Sublease space now accounts for approximately 14.5% of all 13.2 MSF of available space in San Francisco. The largest new sublease availabilities to hit the market in Q4 were NerdWallet’s 51,000 SF at 901 Market Street (relocating to the aforementioned One Tenth Street), Silicon Valley Bank’s 35,000 SF at 555 Mission Street and FinancialForce’s 30,000 SF at 595 Market Street.
Cushman & Wakefield tracked nine sales in the fourth quarter totaling $2.2 billion, and we expect four more sales totaling $700 million to close by the end of January. Even with rents moderating and interest rates moving, pricing continues to increase and is now at an all-time high, reaching beyond $800 PSF.
Total transaction activity for the year was $5.4 billion, making 2016 the third highest total dollar volume the city has experienced in its history.
Derek Daniels is a Senior Research Analyst with Cushman & Wakefield, based in the heart of San Francisco’s booming Financial District.
With nearly a decade of eclectic research experience in the Bay Area commercial real estate market, his resume includes a wide variety of work ranging from local market research to advising tenants and landlords in the lease and sale of office and industrial space.

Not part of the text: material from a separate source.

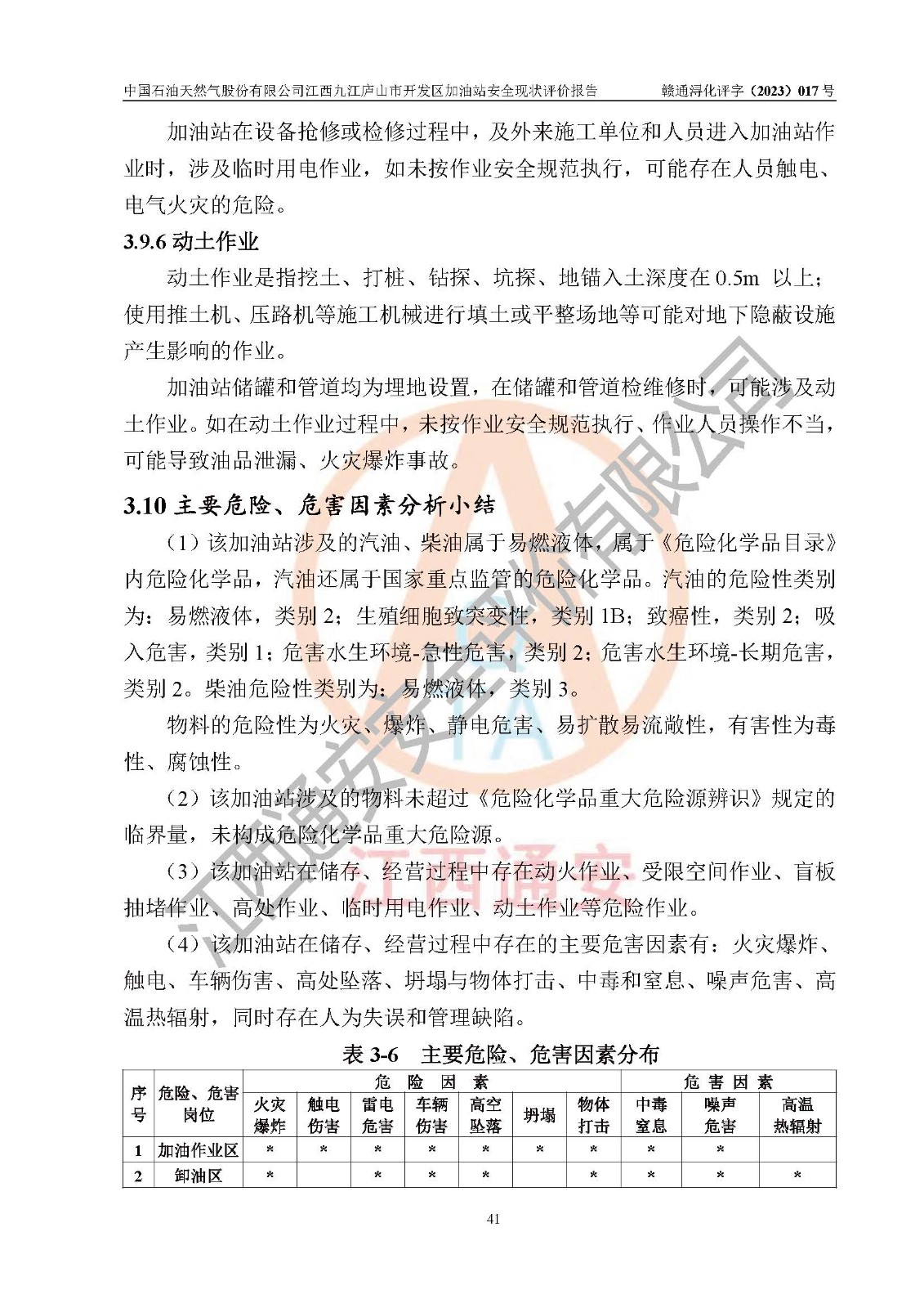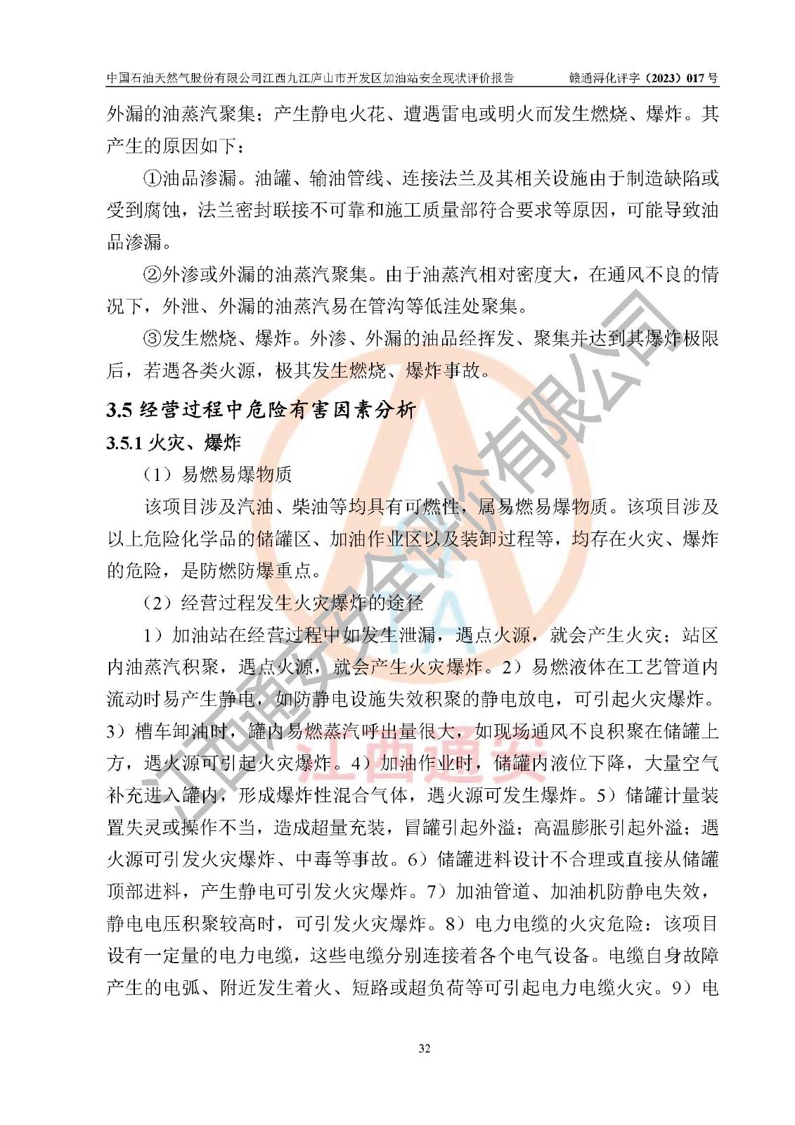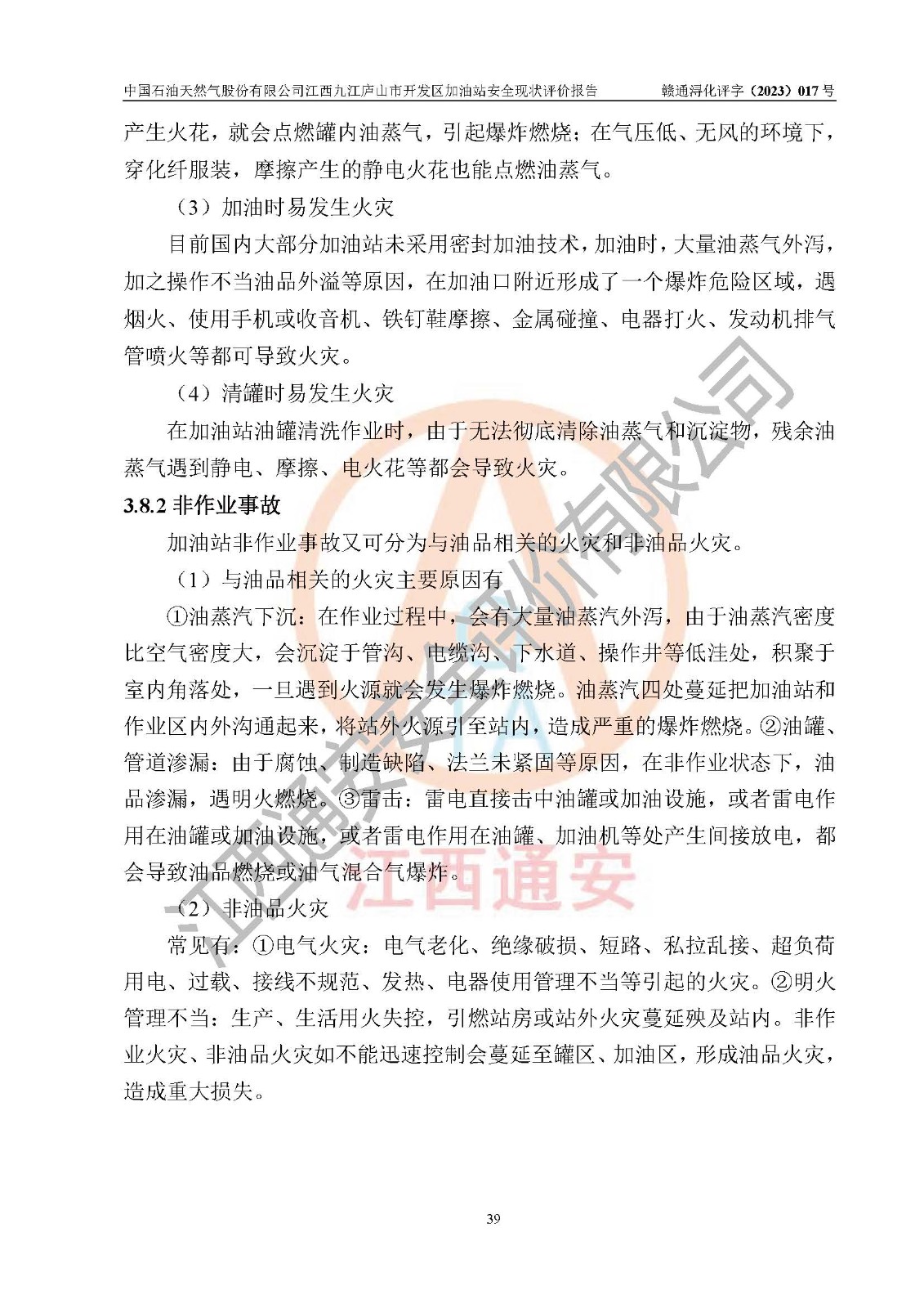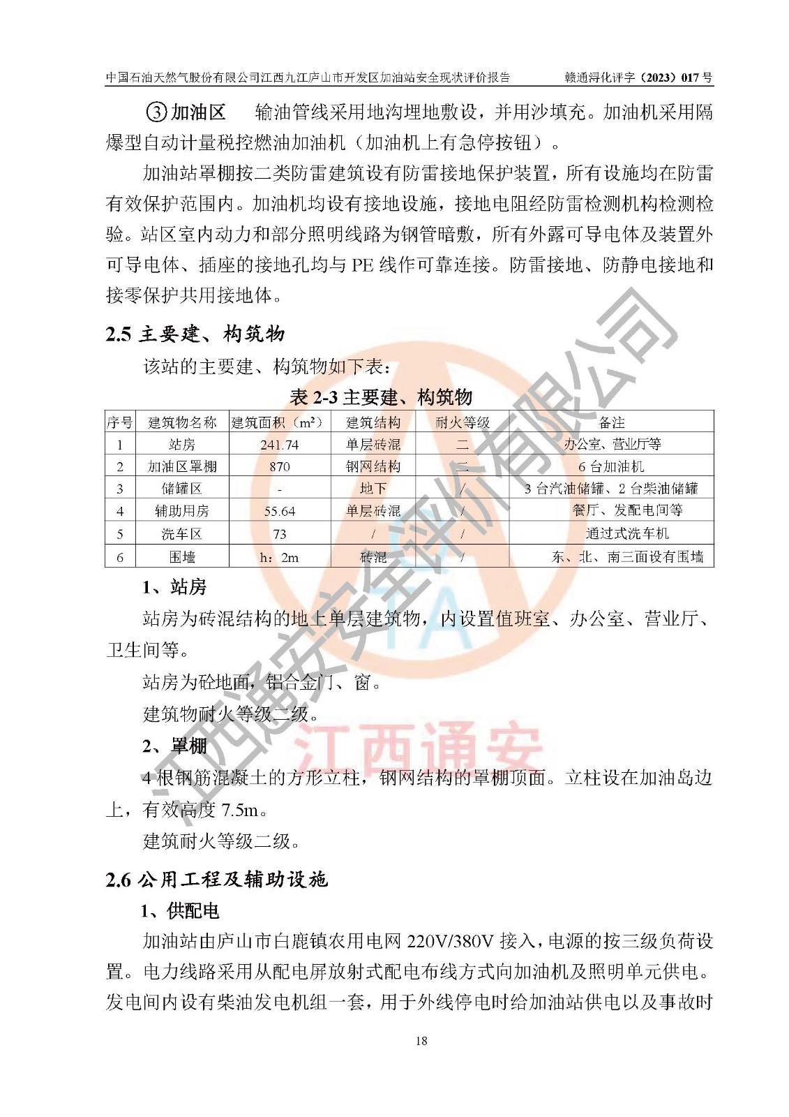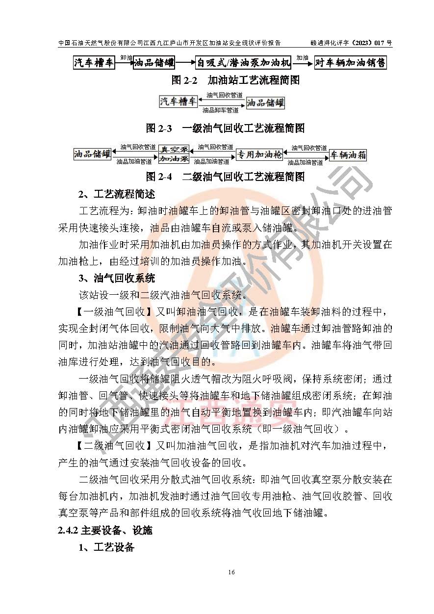 項(xiàng)目簡介 | 中國石油天然氣股份有限公司江西九江廬山市開發(fā)區(qū)加油站是一家專門從事成品油零售經(jīng)營的股份有限公司分公司(國有控股),經(jīng)營場所位于九江市廬山市金鹿工業(yè)園西北處、環(huán)廬山路東側(cè)。現(xiàn)有從業(yè)人員7名,其中安全管理人員1人,加油站負(fù)責(zé)人楊全榮。 該加油站占地面積4000m2,站區(qū)內(nèi)設(shè)置有2臺(tái)四槍和4臺(tái)雙槍稅控燃油加油機(jī)及配套的工藝管線,設(shè)有SF雙層儲(chǔ)罐5臺(tái),其中30m3的92#汽油儲(chǔ)罐2臺(tái)、30m3的95#汽油儲(chǔ)罐1臺(tái)、30m3的0#柴油儲(chǔ)罐2臺(tái),油品儲(chǔ)罐總?cè)莘e為150m3(折算成汽油為120 m3),按現(xiàn)行《汽車加油加氣加氫站技術(shù)標(biāo)準(zhǔn)》對(duì)加油站的等級(jí)劃分原則,屬二級(jí)加油站。 該站由九江市行政審批局換發(fā)《危險(xiǎn)化學(xué)品經(jīng)營許可證》(證號(hào):贛九行審經(jīng)(甲)字[2022]000039號(hào)),**期限2020年04月27日至2023年04月26日。 | |||

Derek’s background includes working as a Research Analyst for commercial real estate company Colliers International. He also worked previously as an Associate Broker for NAI BT Commercial, where he specialized in the lease and sale of office and industrial space in the East Bay.
Among other responsibilities, Derek’s research work focuses on publishing quarterly market beat reports, assisting brokers with statistical analysis and writing research collateral. As an avid social media participant, Derek is an active commercial real estate guest blogger.